HESI RN
HESI Fundamentals
1. Which nonverbal action should be implemented to demonstrate active listening?
- A. Sit facing the individual.
- B. Cross arms and legs.
- C. Avoid eye contact.
- D. Lean back in the chair.
Correct answer: A
Rationale: To demonstrate active listening effectively, it is essential to display open and engaging body language. Sitting facing the individual helps convey attentiveness and a willingness to listen. Maintaining eye contact further enhances the connection and shows respect and interest in the conversation. Crossing arms and legs can create a barrier and signal defensiveness or disinterest. Avoiding eye contact may suggest a lack of engagement or attentiveness. Leaning back in the chair can indicate relaxation but might be perceived as disengagement. Therefore, the most appropriate nonverbal action to demonstrate active listening is to sit facing the individual and maintain eye contact.

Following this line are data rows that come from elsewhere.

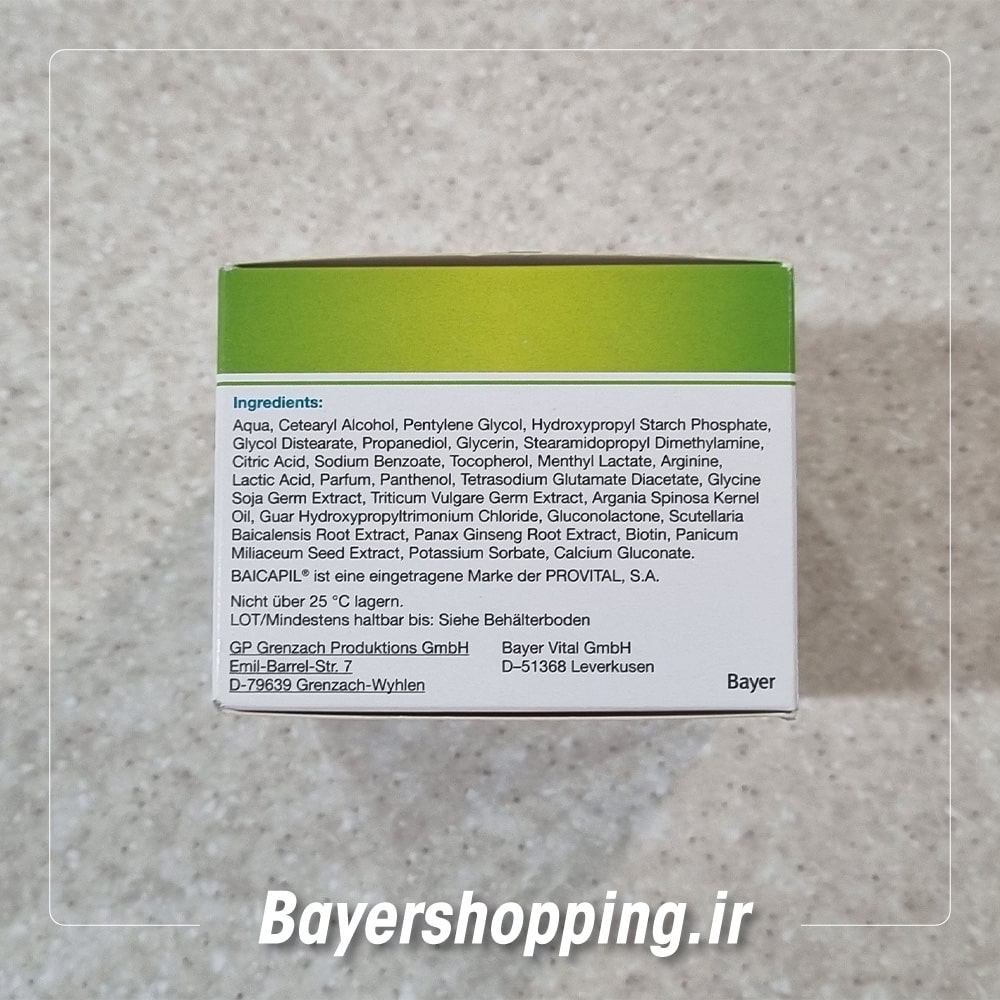 حجم این محصول ۱۸۰ میلی ‌لیتر است و حاوی جنسینگ، پروویتامین ب۵، ارزن، بایکاپیل، بیوتین، روغن آرگان و انواع مواد گیاهی و معدنی می‌باشد.
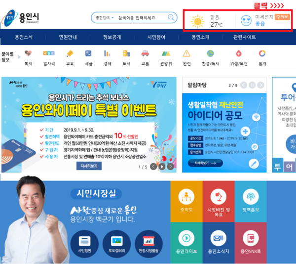 용인시는 오는 28일부터 미세먼지 등 지역별 대기 정보를 시청 홈페이지를 통해 실시간 제공한다.
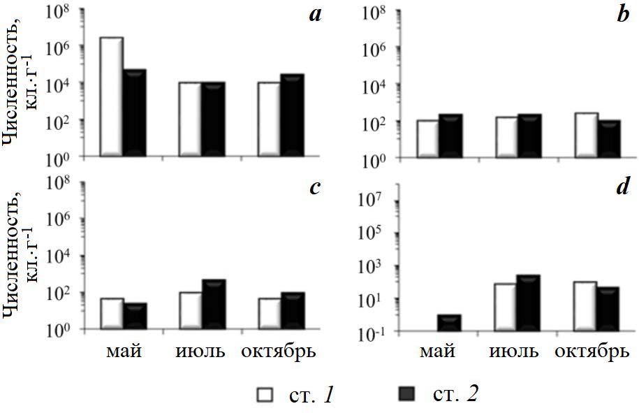 Fig. 5. Dynamics of the abundance (cells·g-1) of heterotrophic (a), hydrocarbon-oxidizing (b), lipolytic (c), phenol-oxidizing (d) bacteria in the fouling
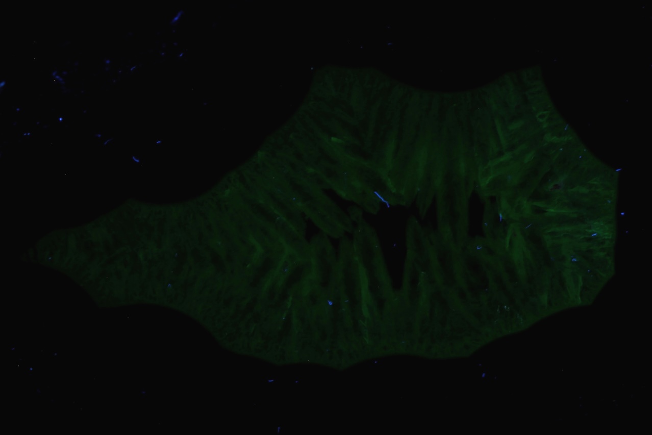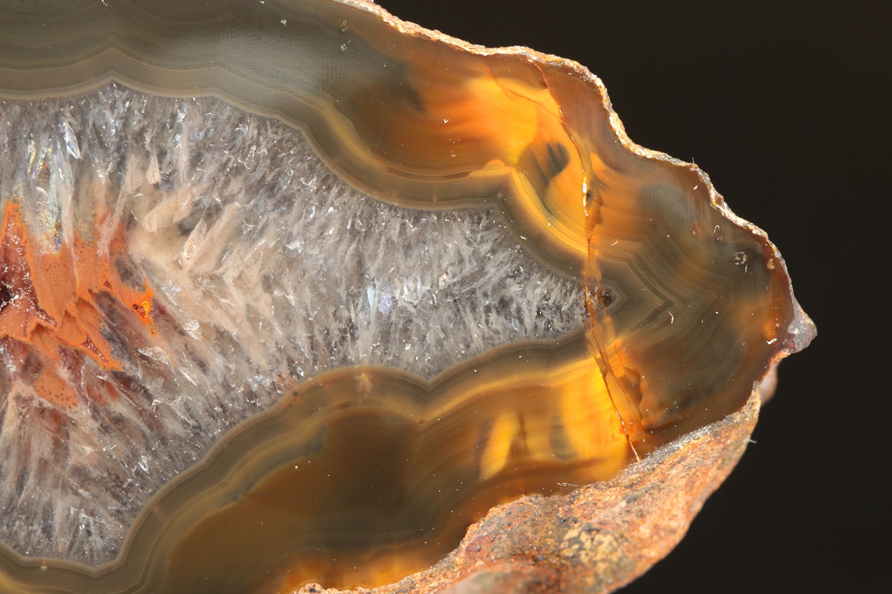Polierte Stufe des argentinischen Achats von dieser Lokalität, bekannt als „Kondor Achat“. Die Stufe leuchtet unter UV-Licht .

2. The client is being taught how to perform active range of motion (ROM) exercises. To exercise the hinge joints, which action should the client be instructed to perform?
- A. Tilt the pelvis forwards and backwards
- B. Bend the arm by flexing the ulnar to the humerus
- C. Turn the head to the right and left
- D. Extend the arm at the side and rotate it in circles
Correct answer: B
Rationale: Hinge joints, like the elbow, primarily allow movement in one direction, in this case, bending the arm. The correct action to exercise hinge joints is to bend the arm by flexing the ulnar to the humerus. This movement specifically targets the hinge joint and promotes its range of motion. Choices A, C, and D involve movements that do not specifically target hinge joints. Tilt the pelvis involves the ball-and-socket joints of the hip, turning the head involves the pivot joint of the neck, and extending the arm and rotating it in circles involve multiple joints including ball-and-socket and pivot joints.

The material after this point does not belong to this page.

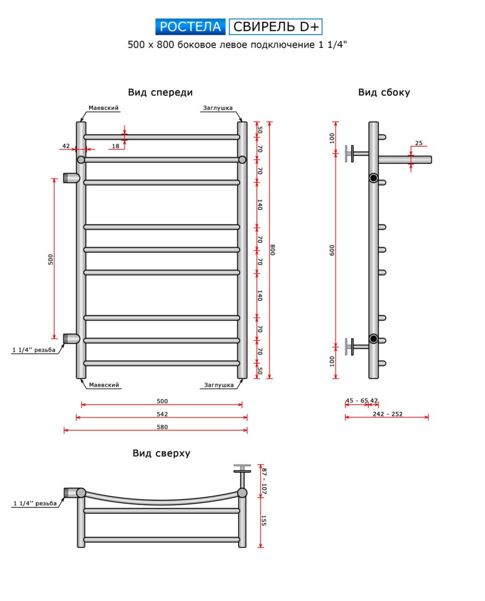 Полотенцесушитель Ростела Свирель Ду-32 D+ (бок.подв. левый,1 1/4" рез) 500*800/10
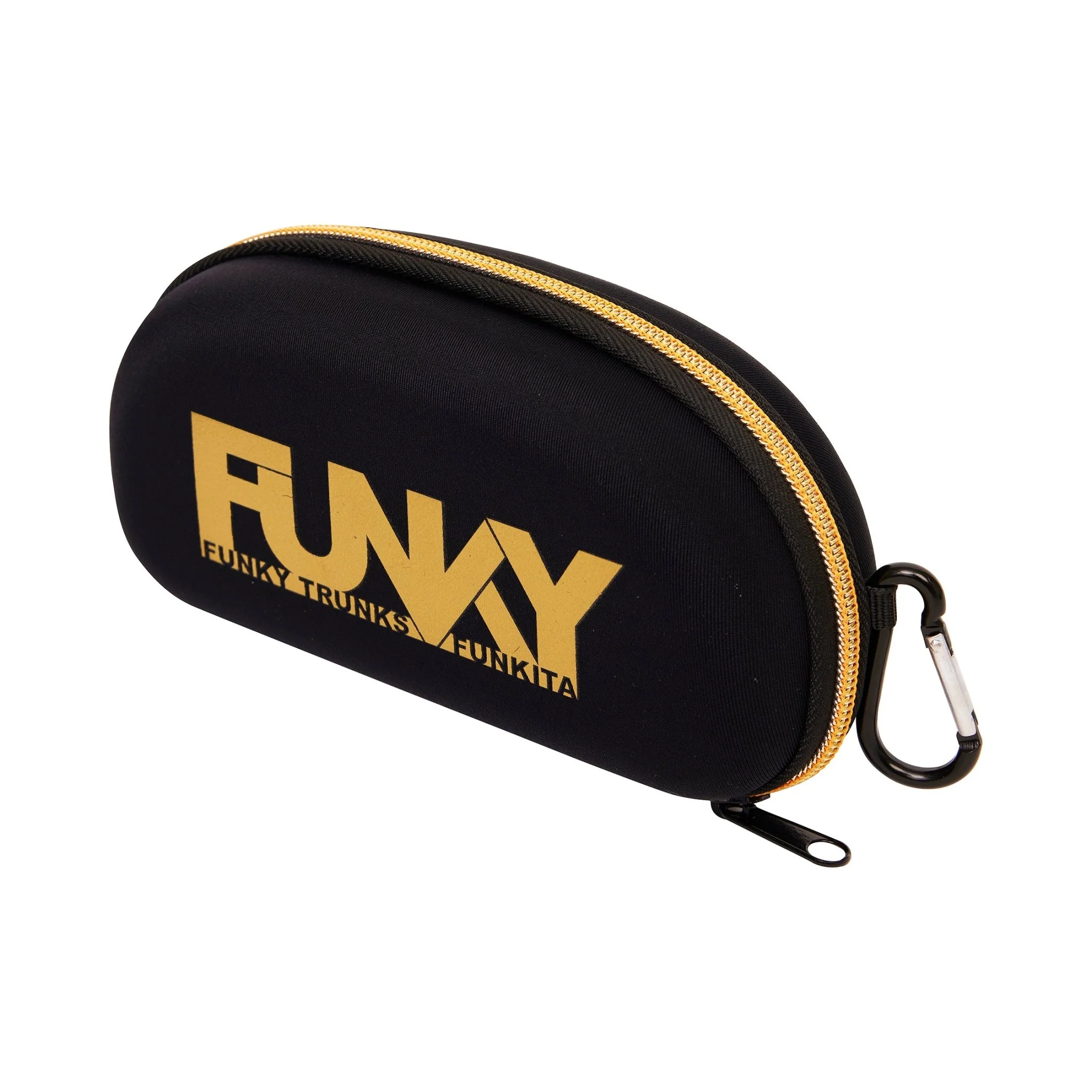 The Funky hard shell case from Funky Trunks & Funkita is designed to protect goggles with a carabiner to clip onto a backpack or mesh gear bag.

3. How should the nurse prepare the body of a deceased adult for transfer to the mortuary?
- A. Leave the body as is, no preparation needed
- B. Bathe the body and place ID tags on it
- C. Remove dentures before bathing the body
- D. Position the body with its head down and arms folded on its chest
Correct answer: B
Rationale: When preparing the body of a deceased adult for transfer to the mortuary, it is essential to bathe the body and place identification tags on it. This process ensures proper identification and respectful care of the deceased individual.
4. While the nurse is discharging an adult woman who was hospitalized for 6 days for treatment of pneumonia and reviewing the prescribed medications, the client appears anxious. What action is most important for the nurse to implement?
- A. Instruct the client to repeat the medication plan
- B. Encourage the client to take a PRN antianxiety drug
- C. Provide written instructions that are easy to follow
- D. Include a family member in the teaching session
Correct answer: A
Rationale: In this situation, the most important action for the nurse to implement is to instruct the client to repeat the medication plan. By using the teach-back method, the nurse can ensure the client's understanding of the prescribed medications and address any concerns or anxieties the client may have. This approach promotes patient engagement, active participation, and retention of important information, ultimately enhancing medication adherence and safety.
5. The client with chronic obstructive pulmonary disease (COPD) is receiving oxygen therapy. Which intervention should the nurse implement to ensure the client’s safety?
- A. Encourage the client to use oxygen continuously
- B. Monitor the client’s respiratory rate and effort
- C. Set the oxygen flow rate at 6 liters per minute
- D. Teach the client to avoid wearing wool blankets
Correct answer: B
Rationale: Monitoring the client’s respiratory rate and effort is essential to evaluate the effectiveness of oxygen therapy and prevent complications such as respiratory depression. This intervention helps the nurse promptly detect any deterioration in the client's respiratory status and take necessary actions to ensure the client's safety. Encouraging continuous oxygen use (Choice A) may lead to oxygen toxicity. Setting the oxygen flow rate at a specific level (Choice C) without individual assessment can be inappropriate and potentially harmful. Teaching the client to avoid wearing wool blankets (Choice D) is unrelated to the safe use of oxygen therapy.